Bloomberg News
Toll Brothers CEO Sees Nascent Rebound in Home Sales
Dec. 8 (Bloomberg) -- The worst is over for the U.S. housing market and a rebound will gain momentum in 2012, according to Douglas Yearley, chief executive officer of Toll Brothers Inc.
“The recovery is here to stay,” Yearley, whose company is the largest U.S. luxury-home builder, said in an interview yesterday at Bloomberg’s headquarters office in New York. “I think 2011 will be an improving year, but I think 2012 will be a big year for us.”
The real estate industry, the trigger of the worst recession since the 1930s, is struggling to maintain a sustained recovery as foreclosures mount and the nation’s unemployment rate sticks close to 10 percent. The housing market will avoid a double-dip after reaching a bottom last year, Yearley, 50, said.
Pending sales of U.S. homes unexpectedly rose 10 percent in October from a month earlier, the National Association of Realtors reported Dec. 2. Toll Brothers, based in Horsham, Pennsylvania, is seeing more “quality” visitors at its sales offices, a sign that buyers are less skittish about the market and more serious about making purchases, Yearley said.
“The number of visitors isn’t up,” he said. “But the quality of that visitor -- the questions they’re asking, their level of interest in a new home -- is.”
Second Quarterly Profit
Toll Brothers last week reported its second straight quarterly profit after three years of losses as it recorded a benefit from a tax-law change and decreased writedowns on land. For the fiscal year ended Oct. 31, the company had a loss of $3.37 million and revenue of $1.49 billion, down 76 percent from 2006 peak sales of $6.12 billion.
Toll Brothers shares fell 21 cents, or 1.1 percent, to $18.79 as of 4:15 p.m. in New York Stock Exchange composite trading today. They are little changed this year, compared with a 3.8 percent decline in the Standard & Poor’s Supercomposite Homebuilding Index of 12 companies.
U.S. home prices will decline as much as 11 percent as weak demand and rising inventory extend the housing slump into 2012, according to a report today by Morgan Stanley.
“We see the trough occurring in 2012 instead of our previous call of 2011,” Morgan Stanley analyst Oliver Chang said in a telephone interview from San Francisco.

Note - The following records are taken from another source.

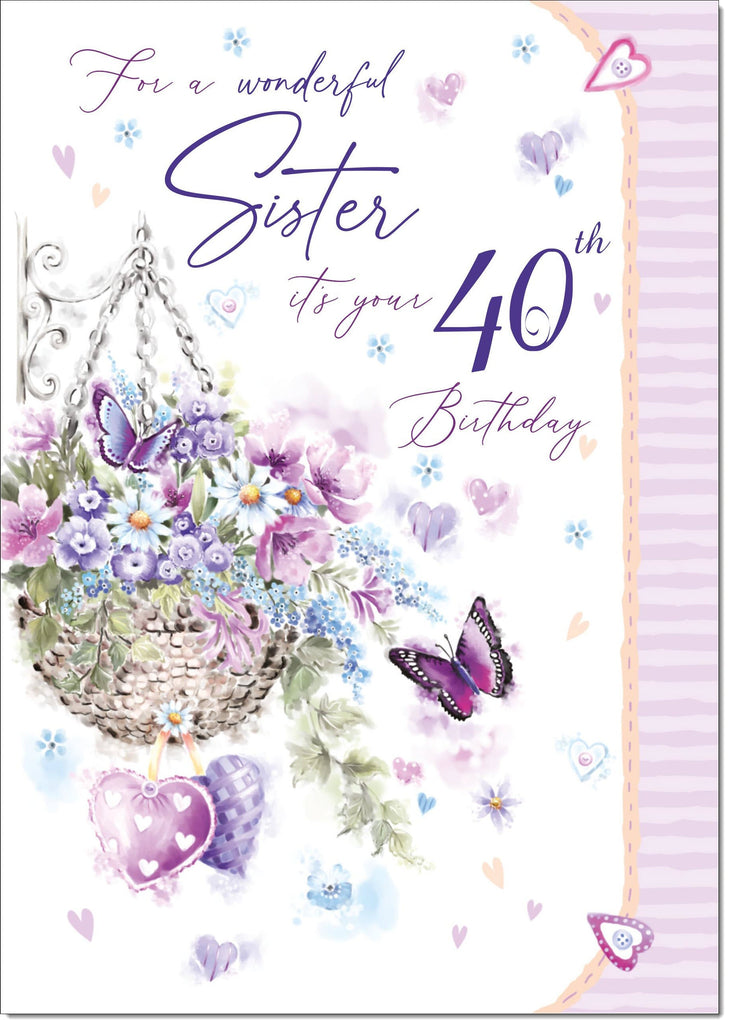 Sister 40th Birthday Card Age 40 Purple Hanging Basket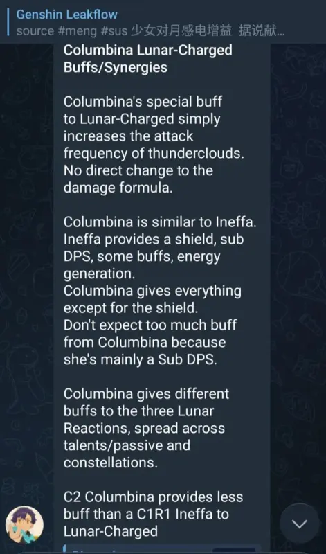 Если утечки подтвердятся, Коломбина станет важным героем для пачек Лунных реакций, но не новой Фуриной, скорее гибким саб-ДПС, который раскрывается лучше всего рядом с персонажами, основанными на Лунных реакциях.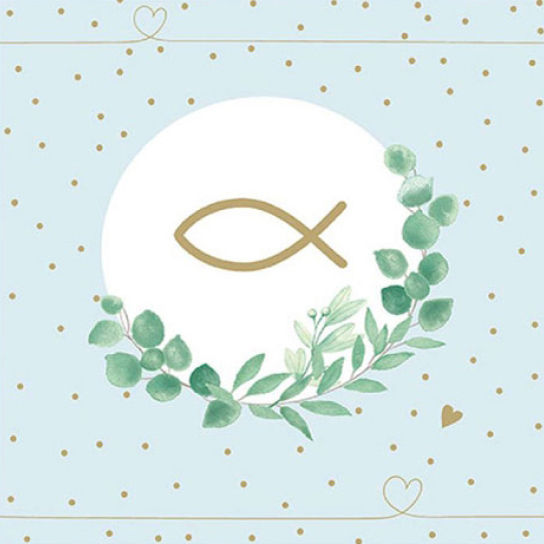 20 Servietten - Goldener Fisch mit Zweig - Blau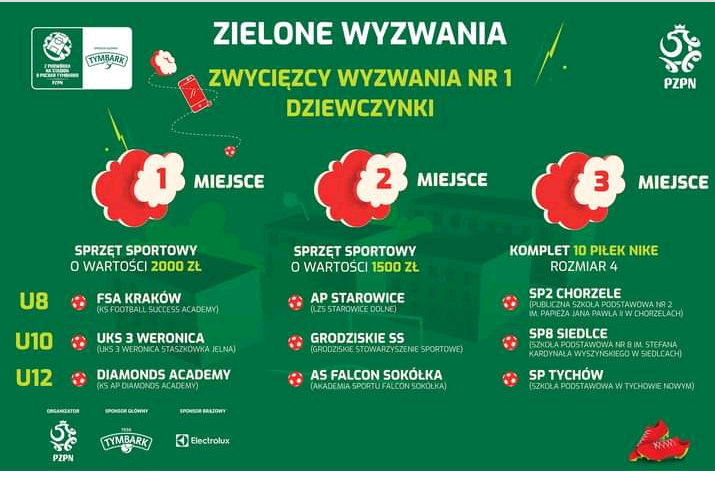 „Zielone Wyzwania” to piłkarskie zadania sprawdzające sportowe umiejętności i kreatywność. Rywalizacja w ramach „Zielonych Wyzwań” odbywała się w trzech kategoriach wiekowych: do lat 8, 10 oraz 12 – oddzielnie dla dziewcząt i chłopców. W pierwszych dekadach lutego, marca, kwietnia i maja Polski Związek Piłki Nożnej przedstawiał treści nowych wyzwań. Podczas całej akcji czekały nas łącznie cztery zadania. Każde z nich było dostosowane do sytuacji i obostrzeń aktualnie panujących w Polsce.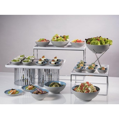 Diese runde Schale aus sehr hartem, stoß- und kratzfestem Melamin gehört zur Behälterserie "Asia Plus", d. h. zu Geschirr, das für den professionellen Einsatz in der Gastronomie konzipiert ist. Der Boden der Schale ist wie bei fast allen APS-Produkten mit einem System von Ringen und Strahlen, Rillen und Vorsprüngen versehen, die es ermöglichen, mehrere Behälter stabil miteinander zu verbinden, um beispielsweise ein vielschichtiges, auffälliges Display für die ästhetische Präsentation Ihrer interessantesten Gerichte zu schaffen. In der Praxis bedeutet dies, dass zum Beispiel alle Schalen als Basis für andere Behälter - Schalen oder Körbe von APS - verwendet werden können. Die Schalen sind hygienisch, säurebeständig und temperaturbeständig von -30°C bis +70°C. Sie sind stapelbar und spülmaschinengeeignet. Das verwendete Material entspricht den Richtlinien der Europäischen Kommission EG 1935/2004 und EG 10/2011, die die entsprechenden Vorschriften und Richtlinien für Kunststoffe, die für den Kontakt mit Lebensmitteln zugelassen sind, enthalten.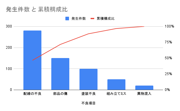パレート図は、複数の問題や不良項目を発生頻度や損失額などの大きさ順に棒グラフで表示し、累積構成比を折れ線グラフで示したものです。これにより、どの問題が最も重要であるかを一目で把握でき、対策の優先順位をつける際に役立ちます。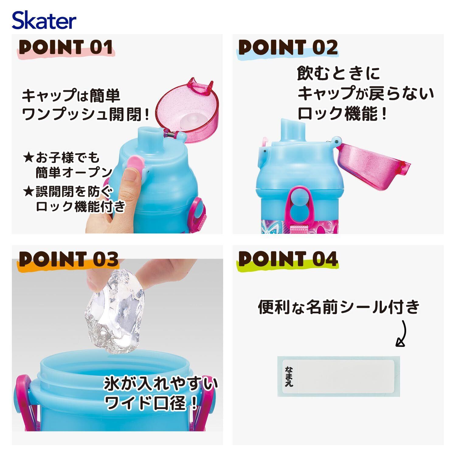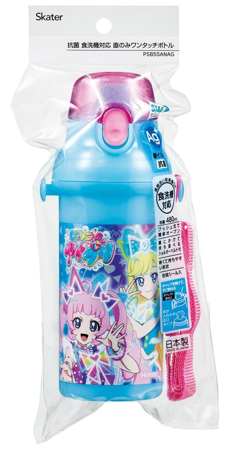 スケーター(Skater) 子供用 プラスチック 水筒 480ml ワンプッシュ開閉 抗菌 子供に優しい 軽量 抗菌加工 日本製 ひみつのアイプリ 女の子 PSB5SANAG-A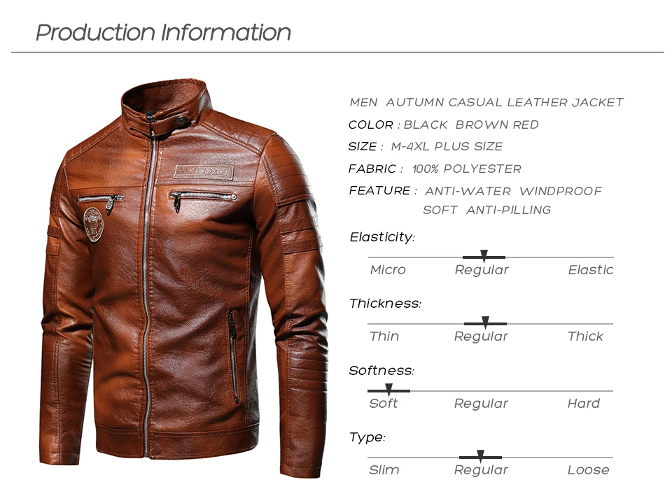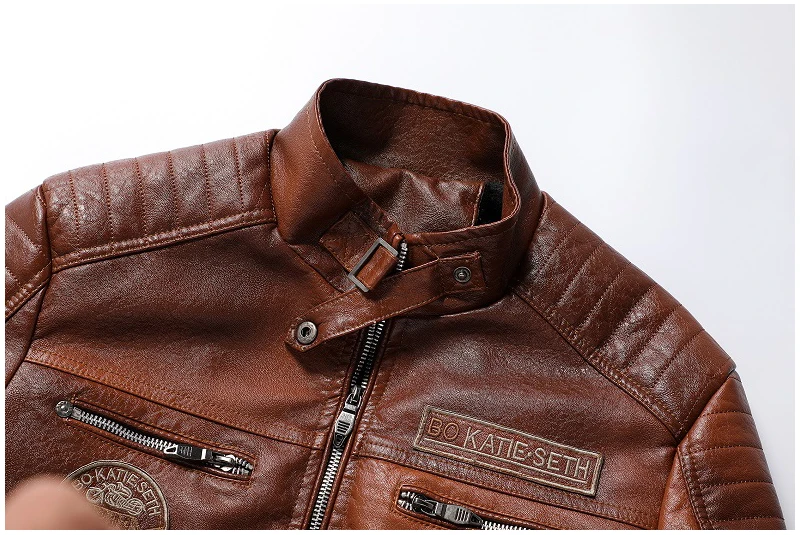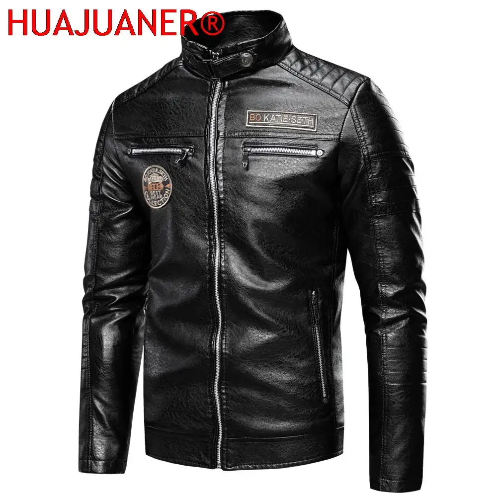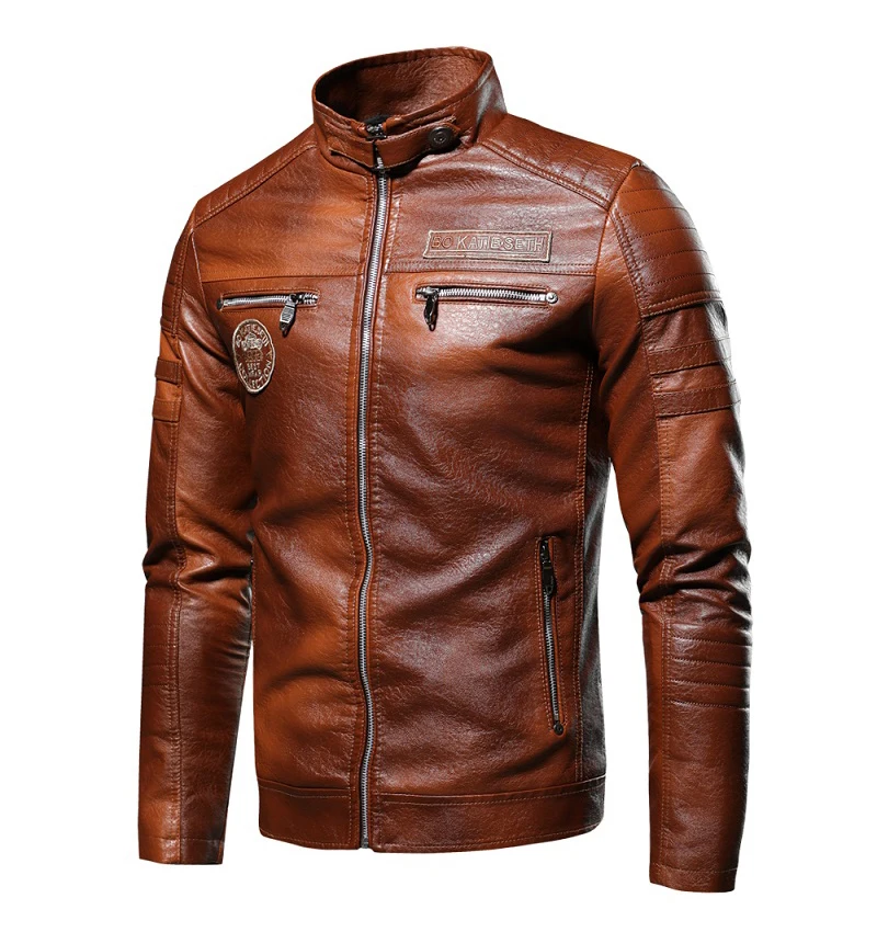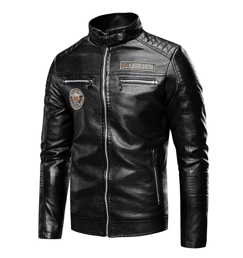 Type 2Men Winter Casual Embroidery Leather Jacket Coat

Values will be little changed for three to four years after 2012, gaining or losing about 2 percent without factoring in inflation, he said.
2014 or Later
Almost six in 10 U.S. adults say a housing recovery is at least two years away, according to a survey released yesterday by Trulia Inc. and RealtyTrac Inc. More than a third of respondents said the rebound won’t happen until 2014 or later.
Home prices, as measured by the S&P Case-Shiller Index of values in 20 cities, are down 29 percent from their 2006 peak.
Unemployment is the biggest barrier to rebounding sales, according to Yearley. The U.S. jobless rate climbed to a seven- month high of 9.8 percent last month, the Labor Department reported Dec. 3.
President Barack Obama has also slowed the economic recovery by being too critical of business, Yearley said.
“The guy needs to cheerlead,” he said. “He needs to get the country feeling good about the country and get the country to work. There’s this malaise that hangs over it.”
The Obama administration’s homebuyer tax credit pulled sales forward rather than creating new demand, Yearley said. Home sales were boosted by the benefit earlier this year before sliding after the April 30 deadline for contract signings.
New-Home Decline
Purchases of new homes dropped 8.1 percent in October to a 283,000 annual rate, the Commerce Department reported Nov. 24. Sales reached a 275,000 pace in August, the lowest since data collection began in 1963.
A more effective incentive would have been to offer tax credits for people who buy new homes, which create more jobs than resales, according to Yearley. Such a plan is unlikely to come to fruition, he said.
Toll’s best markets are in New York, Washington, D.C., and parts of North Carolina, while the Las Vegas and Chicago areas are among the worst, Yearley said.
“Chicago to us is as bad as Las Vegas,” he said. “We sell more houses in Michigan than Illinois.”
The company expects to sell between 2,100 and 2,900 homes in fiscal 2011 at an average price of $540,000 to $565,000. The homebuilder sold 2,642 units in the recently ended fiscal year, down 11 percent from 2009.
Toll Brothers is poised to benefit when the market recovers because many of its smaller competitors have gone out of business, larger public builders don’t compete in the luxury market and few companies have land ready for development, Yearley said. Toll added almost 3,000 lots to its inventory in its most recent year, the first increase since 2005.
“We’re setting up for the next cycle,” Yearley said. “Housing brought this country down and we need housing to bring this country back.”